Ray Dillinger wrote, quoting me:
> >Another idea would be for the stations to actually absorb the photon
> >in some manner that preserved its polarization, and then to re-emit it.
> >These could be primed to pass only a single photon.
> Now you are talking serious voodoo.  I don't think that this 
> can be done this year.  Maybe not this decade. 

Actually there is a report out just today that could be a big step towards
this capability.  From http://www.aip.org/physnews/update/521-1.html:

   For the first time, physicists in two separate laboratories
   have effectively brought a light pulse to a stop. In the process,
   physicists have accomplished another first: the non-destructive and
   reversible conversion of the information carried by light into a
   coherent atomic form.

This experiment captures light and transforms it into an excited gas
state, in a reversible way, so that the original light pulse can restored
at a later time:

   Usually photons (the quanta of light) are absorbed by atoms, destroying
   the information carried by the light.
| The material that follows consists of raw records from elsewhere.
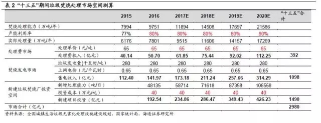 按照垃圾焚燒規(guī)劃新增處理能力對市場空間進行測算,“十三五”期間垃圾焚燒處理費市場空間總計近400億元,焚燒發(fā)電市場空間約1100億元,兩者合計運營收入約1500億元;此外,新增處理能力所需的建設(shè)投資總計近1500億元,垃圾焚燒市場空間巨大。
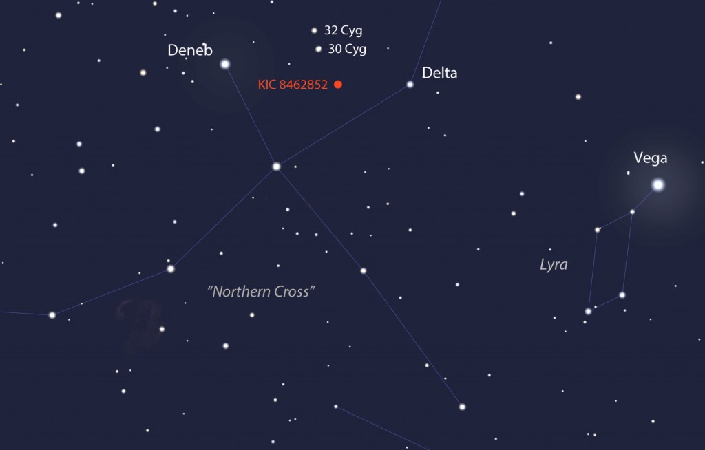 Tabby’s Star shines at magnitude +11.7 in the constellation Cygnus the Swan (Northern Cross) high in the southwestern sky at nightfall
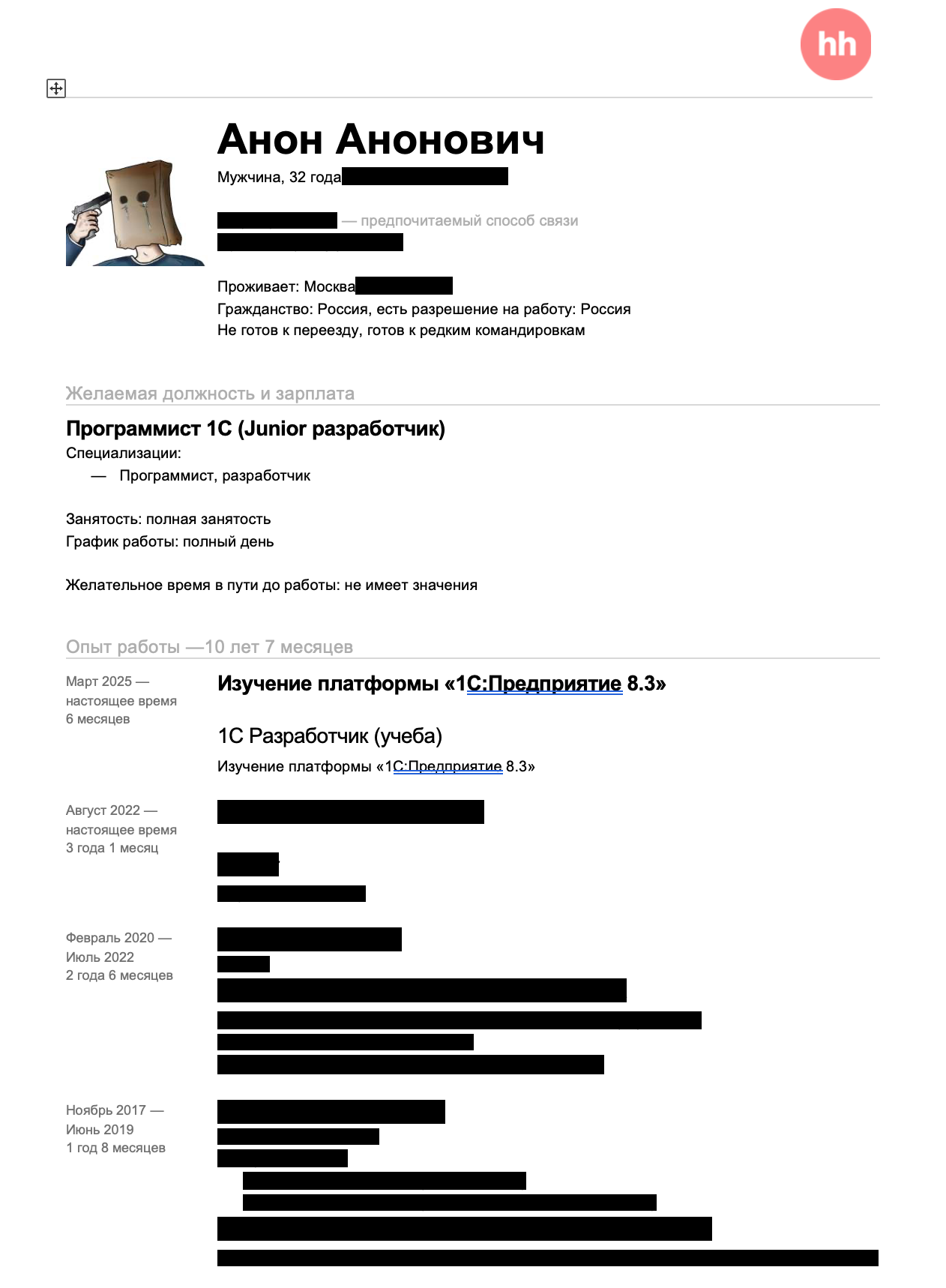 Решил сегодня открыть резюме, за день ни одного письма, но одной херки в телеге. При том что у меня ёб твою мать сколько попыта, и не указаны зарплатные ожидания.
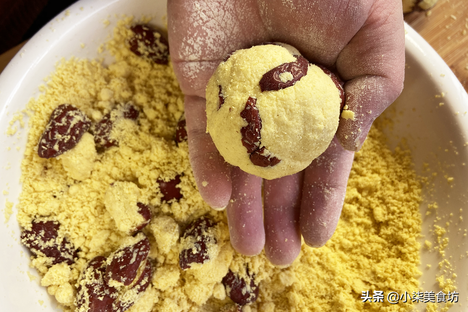 4、再把切好的红枣放进黄米面里,搅拌均匀可以攥成团即可。
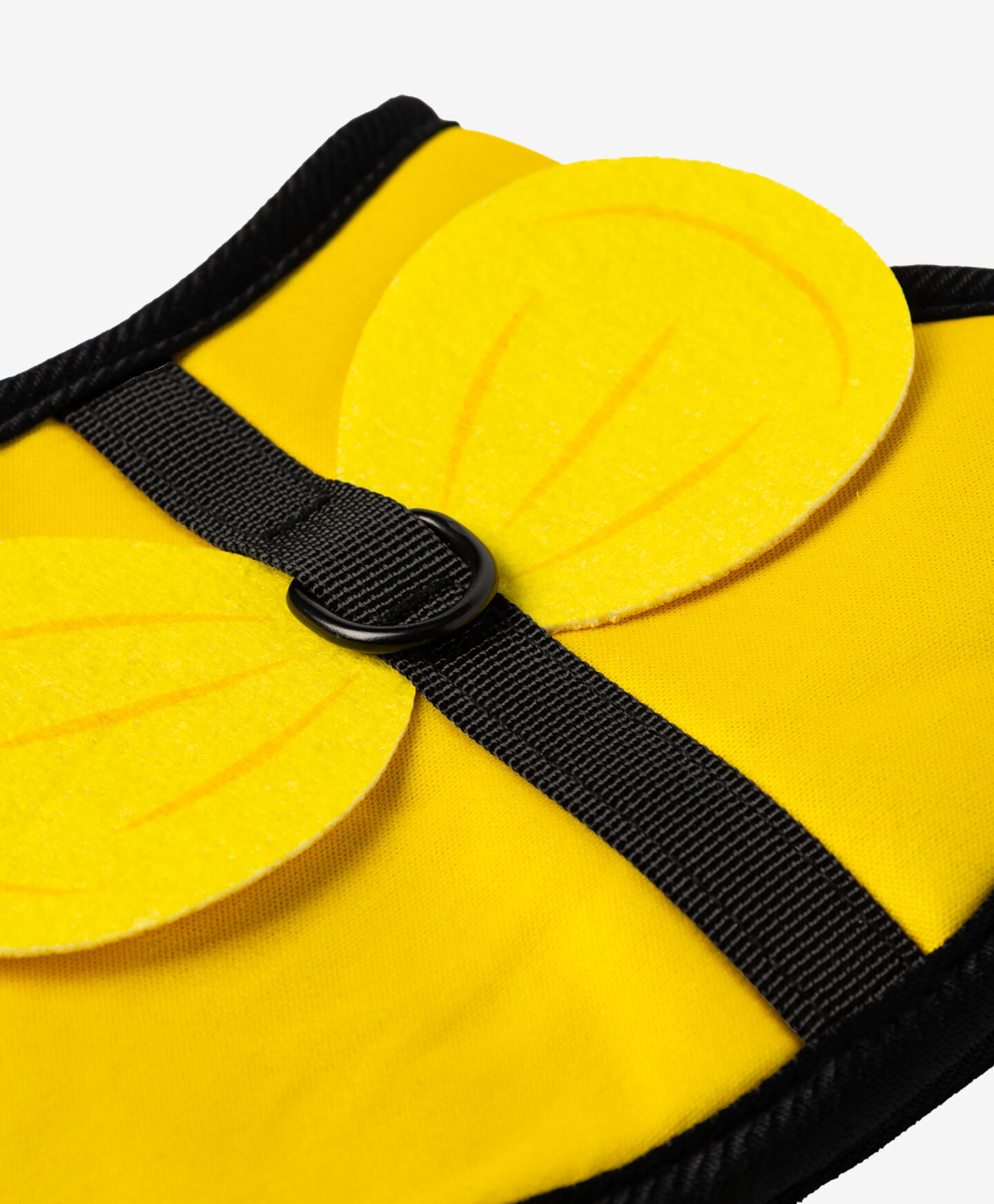 El arnés para mascota con alas combina funcionalidad y un diseño adorable que no pasará desapercibido. Las alas de abeja y el característico estampado a rayas le dan un aspecto divertido y original que hará que tu mascota destaque en cada paseo. Fabricado con material suave y resistente, proporciona comodidad y seguridad durante las actividades diarias. El cierre ajustable permite adaptarlo a perros de diferentes tamaños y razas.
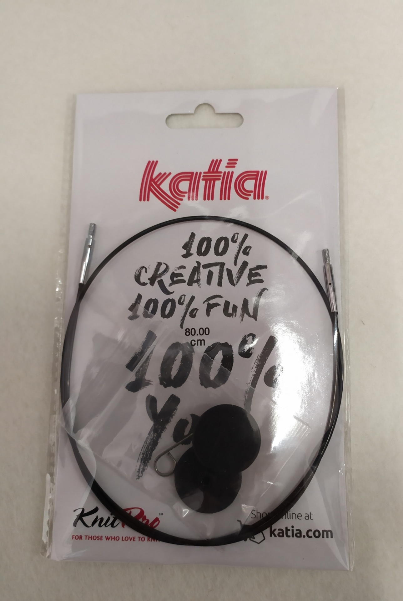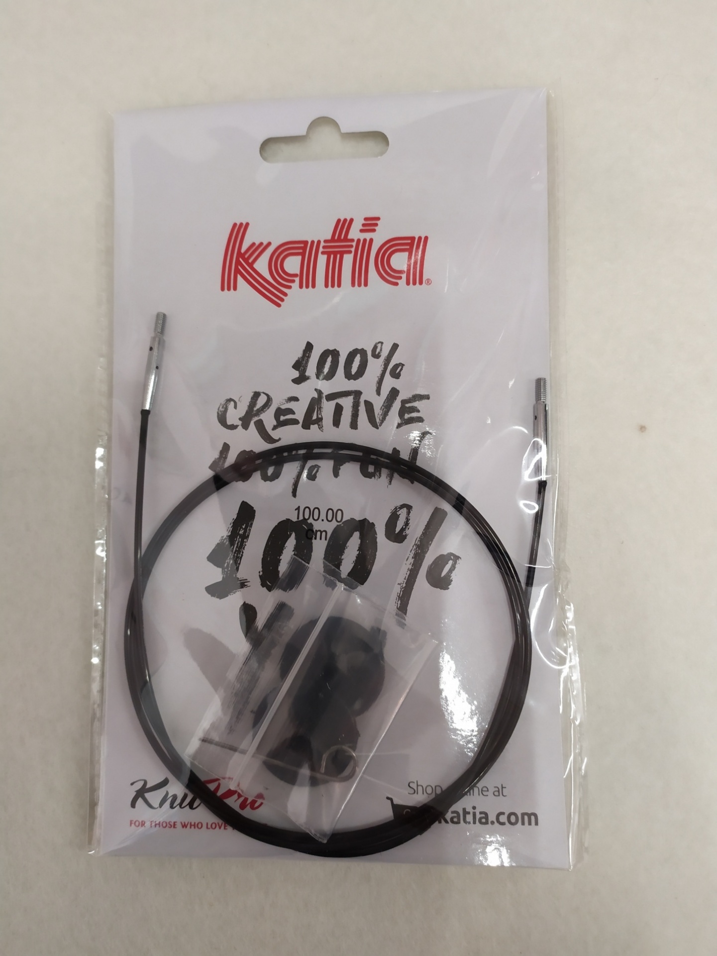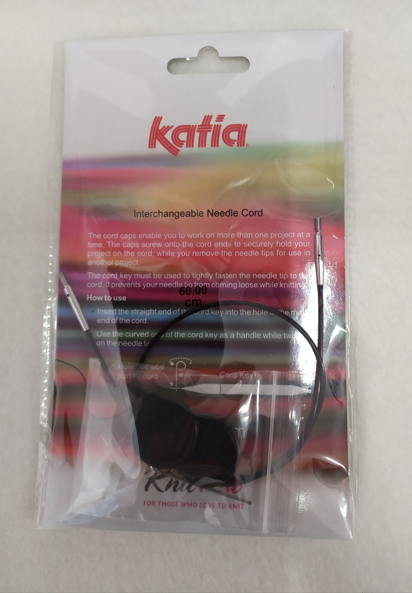 Cordão intercambiável para agulhas Katia em embalagem plástica transparente com fundo colorido e texto

With the present method, in
   principle, no information in the light pulse is lost.

If this applies to the polarization information as well then it would be
close to what I called for above.

Then you'd still need some way to be able to distinguish how many photons'
worth of energy you'd caught in your gas, or to limit the emission to
only a single photon.  If so then this would be a "single photon" filter.
So perhaps the idea is not as far-fetched as it sounds.